(Data records)
=== Section Start ===

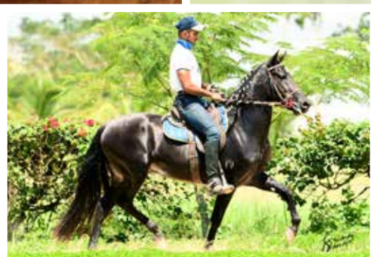
Seu filho Rebelde E.A.O
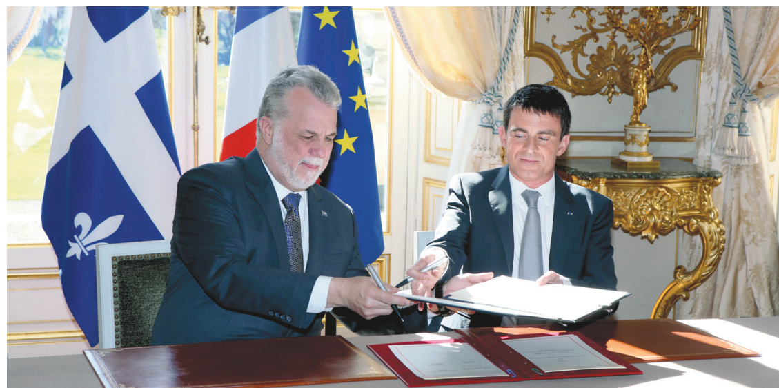
Les premiers ministres québécois, Philippe Couillard, et français, Manuel Valls, signent le « relevé de décisions » publié à l'issue de la 18 e « rencontre alternée », qui s'est tenue vendredi à Matignon.
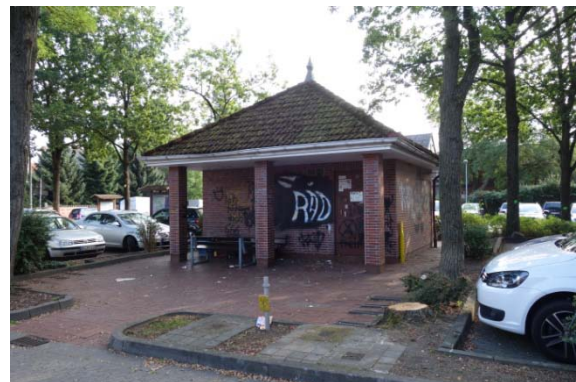
Servicegebäude am Wallparkplatz
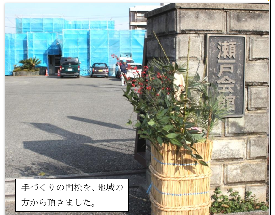
手づくりの門松を、地域の方から頂きました。
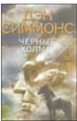
Симмонс Д. Черные холмы / Пер. с англ. Г.Крылова. М.: Эксмо; СПб.: Домино, 2012. — 544 с. — (Бестселлер).

6 Это случилось в великую и грозную эпоху Индейских войн. В мальчика влился дух убитого предводителя бледнолицых — и он обрел способность «видеть то, что было, и то, что будет». С этим даром, благодатным и опасным одновременно, ему предстоит вписать свое имя в мистическую Книгу имен.
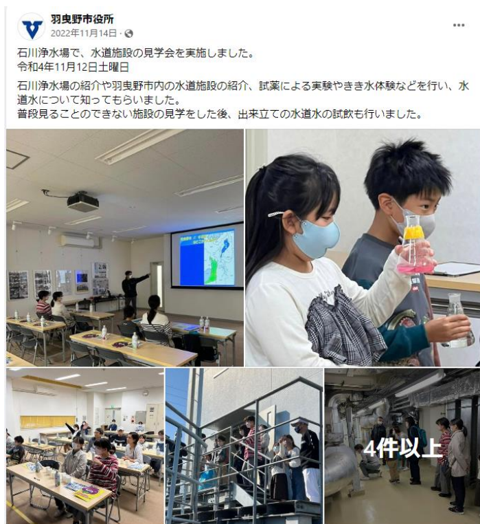
(石川浄水場見学会)
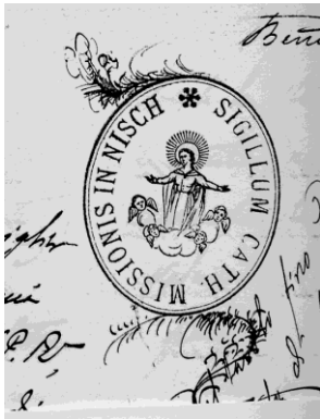
Figura 2: Contrassegno della missione cattolica di Niš, ASBR.
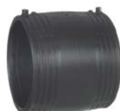
Elektromufa PE 100 SDR 11 (ISO S5)
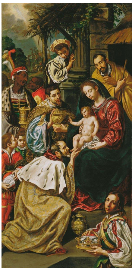
7. kép: Luis Tristán (1585–1624): A királyok imádása
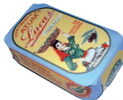
VENTRESCA DE ATUM EM AZEITE DE OLIVEIRA EAN13: 5602899251195
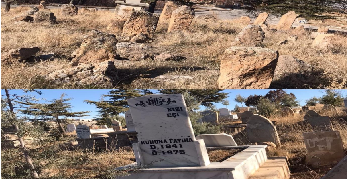
Resim 21: Eski ve yeni mezarlıklardan görünüm

Kasabada yağmur duası; uzun süre kuraklık yaşanır ve bu kuraklık ürünlerin yetişmesine, hayvanların beslenmesine ve insanların ihtiyaçlarını karşılamada çok ciddi sorunlar yaratacağı emaresi üzerinden dua hazırlıkları yapılır ve duaya çıkılırdı. Hocayla birlikte duaya çıkılırken köy ahali toplanırdı. Kuraklık tersine dönsün, yağmur yağsın diye hoca cübbesini ters giyerdi. 2 rekât şükür namazı kılınır, gelen kişiler helalleşir, küsler barışırdı. Hoca yağmur duası, ayeti okurdu. Bir ayet geçerken bulunan durum tersine dönsün diye dua için açılan eller ters çevrilirdi. Hocayla birlikte gelen halk dua edip âmin derlerdi. Eğer Allah kabul ederse yağmur yağardı.
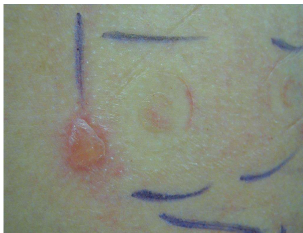
Obr. 10. Tahová reakce charakteru puchýře u okraje testovací náplasti

niklu, mědi, chromu, zlata) – obrázek 8. Může jít o zesílenou odpověď způsobenou chemotaxí neutrofilních leukocytů. Pustula může překrývat alergickou reakci, proto v nejasných případech je třeba testy zopakovat s nižší koncentrací alergenu [45, 66, 99].
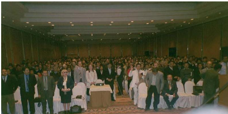
Publicul participând la adunarea din Hotelul Sheraton, Lima, Peru
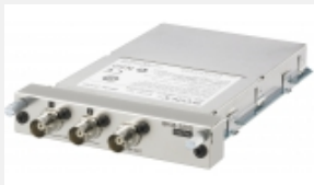
BKM-220D Adattatore di ingresso 4:2:2 SDI
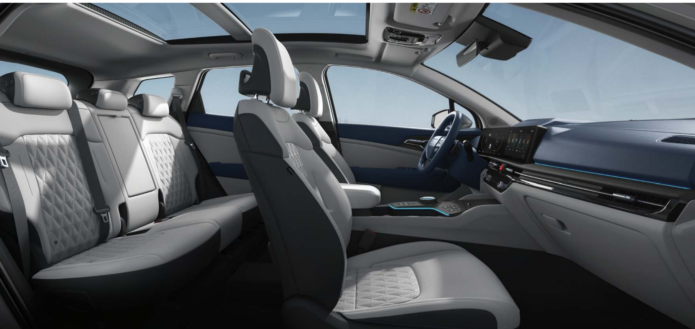
네이비 그레이 인테리어 / 상기 사양구성은 엔진 및 선택 사양에 따라 다르게 적용됩니다.

2열 폴드&다이버시트 등 세심한 공간설계로 다양한 활용도는 물론 어느 자리에서나 최적의 여유와 배려를 누릴 수 있습니다.

=== Section End ===

## Exercise prompt
A word-for-word repeat is expected of the lines from the one with "7. kép: Luis" to the end of the data, both included; pictures are not part of it.

## Answer to this task
7. kép: Luis Tristán (1585–1624): A királyok imádása
VENTRESCA DE ATUM EM AZEITE DE OLIVEIRA EAN13: 5602899251195
Resim 21: Eski ve yeni mezarlıklardan görünüm

Kasabada yağmur duası; uzun süre kuraklık yaşanır ve bu kuraklık ürünlerin yetişmesine, hayvanların beslenmesine ve insanların ihtiyaçlarını karşılamada çok ciddi sorunlar yaratacağı emaresi üzerinden dua hazırlıkları yapılır ve duaya çıkılırdı. Hocayla birlikte duaya çıkılırken köy ahali toplanırdı. Kuraklık tersine dönsün, yağmur yağsın diye hoca cübbesini ters giyerdi. 2 rekât şükür namazı kılınır, gelen kişiler helalleşir, küsler barışırdı. Hoca yağmur duası, ayeti okurdu. Bir ayet geçerken bulunan durum tersine dönsün diye dua için açılan eller ters çevrilirdi. Hocayla birlikte gelen halk dua edip âmin derlerdi. Eğer Allah kabul ederse yağmur yağardı.
Obr. 10. Tahová reakce charakteru puchýře u okraje testovací náplasti

niklu, mědi, chromu, zlata) – obrázek 8. Může jít o zesílenou odpověď způsobenou chemotaxí neutrofilních leukocytů. Pustula může překrývat alergickou reakci, proto v nejasných případech je třeba testy zopakovat s nižší koncentrací alergenu [45, 66, 99].
Publicul participând la adunarea din Hotelul Sheraton, Lima, Peru
BKM-220D Adattatore di ingresso 4:2:2 SDI
네이비 그레이 인테리어 / 상기 사양구성은 엔진 및 선택 사양에 따라 다르게 적용됩니다.

2열 폴드&다이버시트 등 세심한 공간설계로 다양한 활용도는 물론 어느 자리에서나 최적의 여유와 배려를 누릴 수 있습니다.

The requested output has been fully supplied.